En tout cas, les combats féministes contre la domination masculine m’ont beaucoup apporté à titre personnel. J’ai porté plainte récemment en commissariat contre un individu érotomane qui me harcèle depuis trente ans, et ce fut la première fois que ma plainte a été prise très au sérieux, et même avec une certaine inquiétude, par des policiers. Il y a quinze ans, à Paris, j’avais été reçue avec des rires et une indifférence difficile à vivre. Cette fois, j’ai senti un soutien, une forme de care de la part des policiers. Ce n’est pas rien.

Pour finir : de qui prends-tu soin, et qui prend soin de toi ?

Je prends particulièrement soin de mes relations avec mes élèves ou anciens élèves. Ils et elles sont comme mes enfants. Il y a une distance, évidemment, parce que nous ne sommes pas une famille – je les vouvoie, par exemple – mais c’est extrêmement précieux. Et c’est réversible : mes anciennes ou actuelles enseignantes prennent soin de moi. Il y a quelques semaines, mon ancienne institutrice m’a envoyé par la Poste des photos qu’elle avait retrouvées de moi. J’ai vu la lettre, reconnu son écriture sur l’enveloppe, et j’ai pleuré d’émotion.
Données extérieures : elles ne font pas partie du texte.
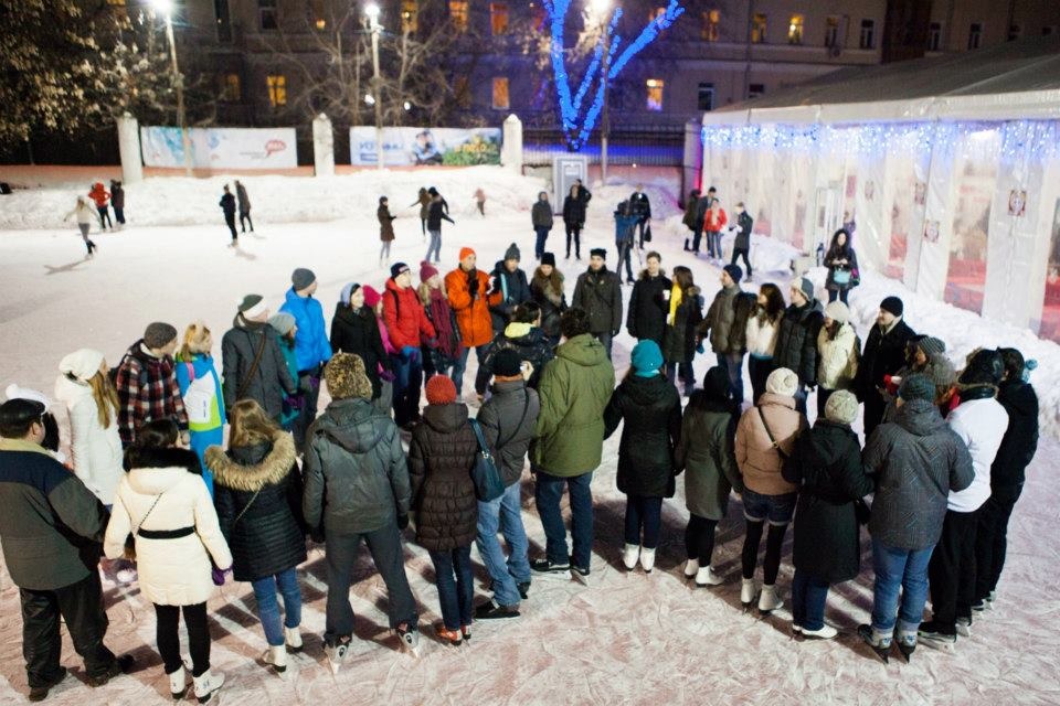 Все удивительно дружно катались на коньках, заводили новые приятные знакомства и радовались приятной зимней погоде, которая наконец-то установилась в Москве. Закончился вечер флеш-мобом, когда все кто был на катке построились в фантазийное сердечко и дружно включили вспышки на мобильных телефонах.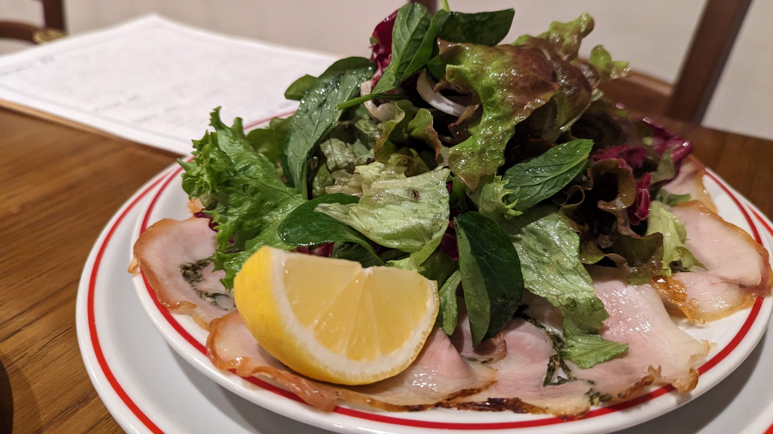 - 生ハム・サラミ・自家製ハムの盛り合わせ ¥2,200

Mon actuelle professeure de danse continue aussi de me faire grandir. Elle est très attentive à ce que j’assume ma féminité. Cette femme a une force extraordinaire, elle n’est plus toute jeune mais je l’admire comme un horizon futur pour moi. C’est elle qui m’a dit dernièrement, “les gens dont on prend soin sont toujours un peu nos enfants”.

C’est peut-être cela, la relation de soin : élever autrui et être soi-même élevée – au sens littéral de faire grandir, faire aller plus haut. Faire regarder au loin. Ça ne prend pas toujours, il y a quelques ratés, des efforts pour réparer. Cela peut être le cas avec nos parents, parce qu’il y a moins de distance avec eux, plus de projections. On en revient à la séparation : grâce à la distance, on peut construire la relation de manière plus réfléchie, parce qu’elle ne va pas de soi. Et cet effort élève, des deux côtés.


1. Le validisme est défini comme un “système d’oppression subi par les personnes handicapées du fait de leur non correspondance aux normes médicales établissant la validité. Un ensemble de capacités seraient attendues d’un corps pour qu’il soit considéré comme humain. L’idéologie validiste postule que les corps non correspondant, jugés handicapés, ont alors moins de valeur. Ils sont naturellement considérés comme inférieurs, et donc discriminables.” (Le Manifeste des Dévalideuses, 2021).

2 Notamment car elle a co-dirigé avec Sandra Laugier Le Souci des autres. Éthique et politique du care, Paris, EHESS, coll. « Raisons pratiques », 2005.

3 À cet égard, je suggère entre autres la lecture des travaux remarquables d’Agata Zielinski et Frédéric Worms.

4 J’emprunte ce concept à l’anthropologie d’Emmanuel de Saint Aubert : il désigne le fait d’être maintenu dans l’être, dans la vie, par une entité intangible qui vient soutenir et éviter de “tout laisser tomber”. Voir E. de Saint Aubert, “Réflexions en vue d’une articulation entre portance et care”, in Pesanteur et portance, co-dir. Christine Leroy et Chiara Palermo, Paris, Hermann, 2022, p. 13-36. En ligne : https://shs.cairn.info/pesanteur-et-portance--9791037021687-page-13?lang=fr.

5 Directeur de recherche en philosophie au CNRS et enseignant auprès de formateurs pour éducateurs spécialisés.

6 On retrouve le concept chez Tertullien puis Augustin.

7 Par opposition, d’ailleurs, aux “liens toxiques”, qui n’ont rien de liens et tout d’un ligotage.

8 Voir Adrienne Rich, Of Woman Born, ‘Motherhood and Daughterhood’.